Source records
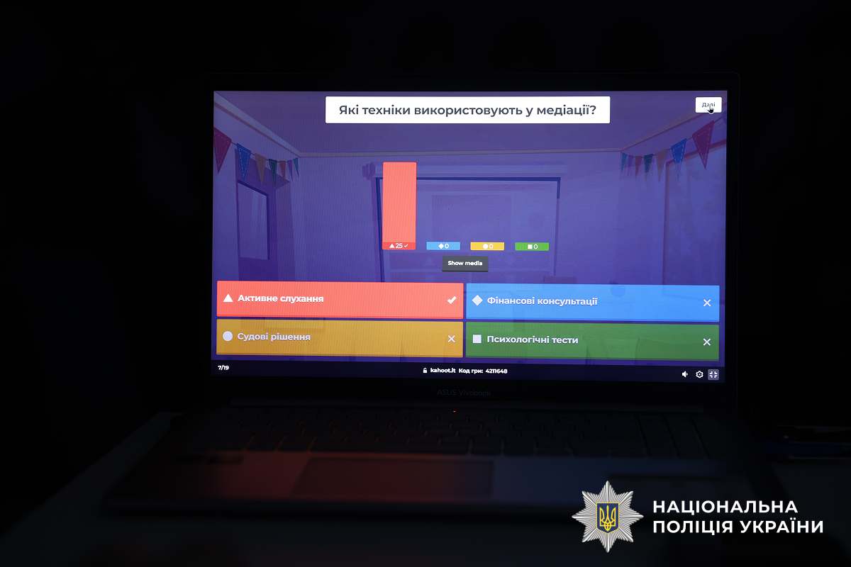 Підлітки від поліцейських тренерів дізналися про техніки медіації, принципи ненасильницького спілкування, алгоритми проведення примірювальних зустрічей, а також навчилися працювати в команді та зберігати нейтральність.
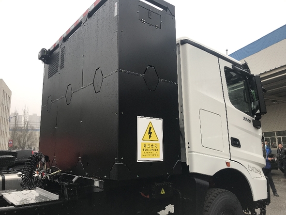 北奔重卡的新能源卡車,黑色的箱體為電池
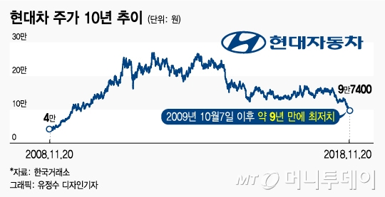 현대차 주가가 10만원 미만으로 내려온 것은 지난 2009년 10월 이후 처음이다. 이날 종가는 2009년 10월7일(9만6600원) 이후 약 9년 만의 최저치를 기록했다.
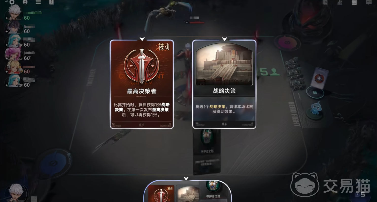 嬴律专属棋手技能名为“最高决策者”。对局初始即获得1张“战略决策”手牌,使用后可从若干随机选项中择一执行,效果全程生效,涵盖能量获取效率提升、经验转化率优化、己方英雄战力强化等关键维度;
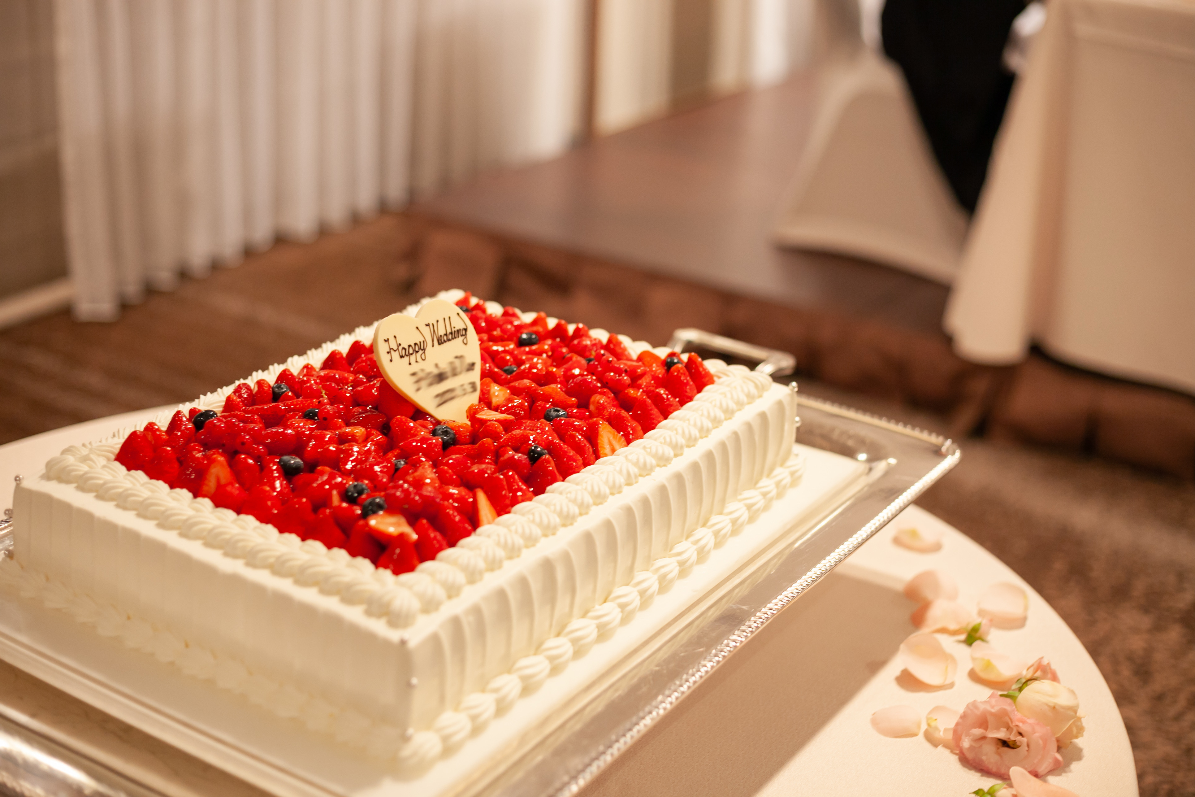 丁寧にクリームとフルーツを飾りつけ結婚式仕様に仕上げました
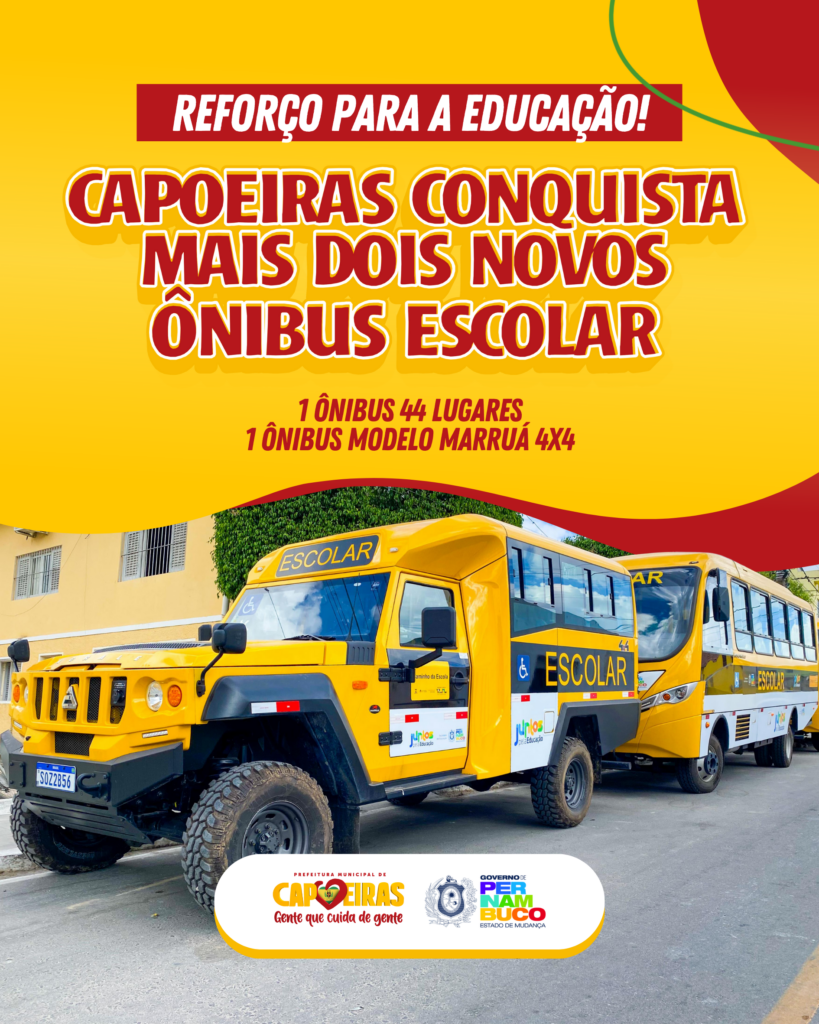 O município de Capoeiras foi contemplado com dois novos ônibus escolares, ampliando e qualificando o transporte dos estudantes da rede pública. Os veículos foram entregues pelo Governo do Estado e passam a reforçar a frota municipal.

### What you will do
What's needed is an exact retyping of the records, pictures excluded.

### Answer to this task
 Підлітки від поліцейських тренерів дізналися про техніки медіації, принципи ненасильницького спілкування, алгоритми проведення примірювальних зустрічей, а також навчилися працювати в команді та зберігати нейтральність.
 北奔重卡的新能源卡車,黑色的箱體為電池
 현대차 주가가 10만원 미만으로 내려온 것은 지난 2009년 10월 이후 처음이다. 이날 종가는 2009년 10월7일(9만6600원) 이후 약 9년 만의 최저치를 기록했다.
 嬴律专属棋手技能名为“最高决策者”。对局初始即获得1张“战略决策”手牌,使用后可从若干随机选项中择一执行,效果全程生效,涵盖能量获取效率提升、经验转化率优化、己方英雄战力强化等关键维度;
 丁寧にクリームとフルーツを飾りつけ結婚式仕様に仕上げました
 O município de Capoeiras foi contemplado com dois novos ônibus escolares, ampliando e qualificando o transporte dos estudantes da rede pública. Os veículos foram entregues pelo Governo do Estado e passam a reforçar a frota municipal.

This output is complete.